Маша взяла с собой Палашку. Они заходили в избы, но вынуждены были выскакивать оттуда через самое короткое время – духота и вонь от сопрелых тряпок, закопченные стены топившихся по–черному изб вселяли в них безграничный ужас перед беспросветной жизнью холопов.
И все‑таки Палашке и Маше удалось уговорить с десяток женщин отпускать на занятия семерых девочек и мальчиков. Были они все из многодетных семей, и один–два рта могли приходить в школу.
Палашкины двое старших сыновей уже немного знали грамоту – Василий научил их читать, писать и считать, их‑то и определила Анна в свои помощники.
Занятия начались в комнате, отведенной под школу в господском доме. Нашлись под рукой перья, выструганные из хвостовых гусиных, а под тетрадки приспособили старые конторские книги, обнаруженные на чердаке.
Строительство школы между тем шло своим чередом. Выросли стены, сложенные из толстых дубовых бревен, накрылись крышей из тяжелых неструганых досок, а там и окна затянулись слюдяной бумагой – стекол в округе не было, слишком большой роскошью считались они в то время.
Так прошло все лето, в заботах и хлопотах. И Анна, и Маша отдавали все свое время учебе детей, отпуская их лишь на страду, на уборку хлебов и сенокос.
С осени Анна уже могла спокойно перебраться в школу и начать регулярные занятия. К этому времени приданое Маши было готово, и жених с невестой собрались в путь…
Девушки много плакали, расставаясь. Всю свою коротенькую еще жизнь они провели вместе, знали, как тяжело будет им в разлуке, сестры не могли и минуты прожить друг без друга, но Анна твердо решилась остаться в деревне. Долг, придуманный ею самой, поставила она делом жизни…
Возле возка, запряженного парой гнедых лошадок, собралось все население Перова. Многие женщины–крестьянки плакали, напутствуя Машу, по–бабьи подпирали подбородки, мужики сняли шапки и кланялись в пояс. А Маше подумалось, как плохо они знают свою родину и как отличается жизнь в провинции от столичной суеты. Как будто два народа, не похожие один на другой – и язык, и обычаи, и одежда, – все было другим, и неизвестно еще, что лучше или хуже. Одетые в темные армяки крестьяне, обувавшие лыковые лапти, не знавшие, чем прикрыть наготу многочисленных детей – кормили и поили своих господ, разряженных и усыпанных драгоценностями, едва сводя концы с концами. И эта несправедливость жизни потрясала ее, заставляла задумываться о вещах, более сложных, чем ее наряды, и она восхищалась Анной, сумевшей найти тот самый справедливый долг, что обязал ее служить этим людям, нищим и голодным, светить им хоть малой свечкой…
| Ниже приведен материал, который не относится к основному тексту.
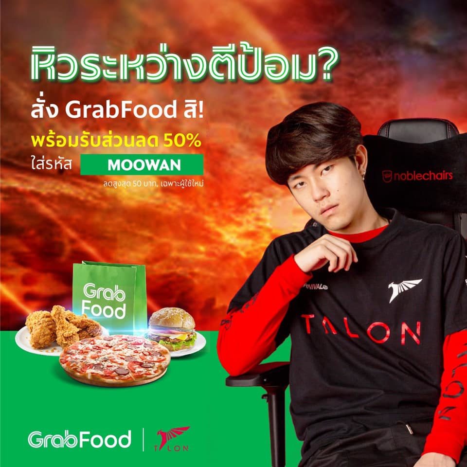 เรียกว่าได้รับความนิยมมากขึ้นเรื่อยๆสำหรับเหล่านักกีฬาอีสปอร์ต หรือ โปรเพลเยอร์ โดยล่าสุด ชื่อของ Moowan จากทีม Talon Esports กลายเป็นส่วนลดแอพเดลิเวอรีชื่อดังอย่าง Grab Food

Они обнялись и в голос заплакали. У Петра Ивановича тоже навернулись слезы на глаза – он успел привязаться к обеим девушкам, хоть и любовался своей избранницей, но видел, как чисты и безгрешны помыслы обеих, какие благородные и прекрасные чувства они испытывают.
Но только сурово подтолкнул их словами:
– В путь пора, уж время к обеду, а мы все рыдаем…
Маша и Анна в последний раз обнялись, поцеловали ДРУГ друга, и возок тронулся. За ним ехала и другая подвода, битком набитая провизией и посудой…
Всю дорогу Маша то и дело смахивала слезинки с круглых раскрасневшихся щек. Толпа крестьян и Анна впереди все стояли перед мысленным взором, плачущие, махавшие руками вслед. Но она взглядывала на суровое, нахмуренное лицо Петра Ивановича и невольно одергивала себя – что ему до этих женских слез? Она немножко боялась и благоговела перед своим женихом, и не потому, что он был старше ее годами. Он казался ей самым умным и самым красивым.
Петр Иванович и в самом деле за лето выправился, боли больше не мучили его, а свежий деревенский воздух и неустанные заботы сестер и вовсе поставили на ноги. Высокий, сильный, мужественный, он заставлял сердце Маши биться сильнее и трепетнее, а ясные глаза, всегда обращенные к ней с лаской и приветливостью, почти пугали – за что мне такое счастье, думалось ей. И снова вздыхала, вспоминая Анну…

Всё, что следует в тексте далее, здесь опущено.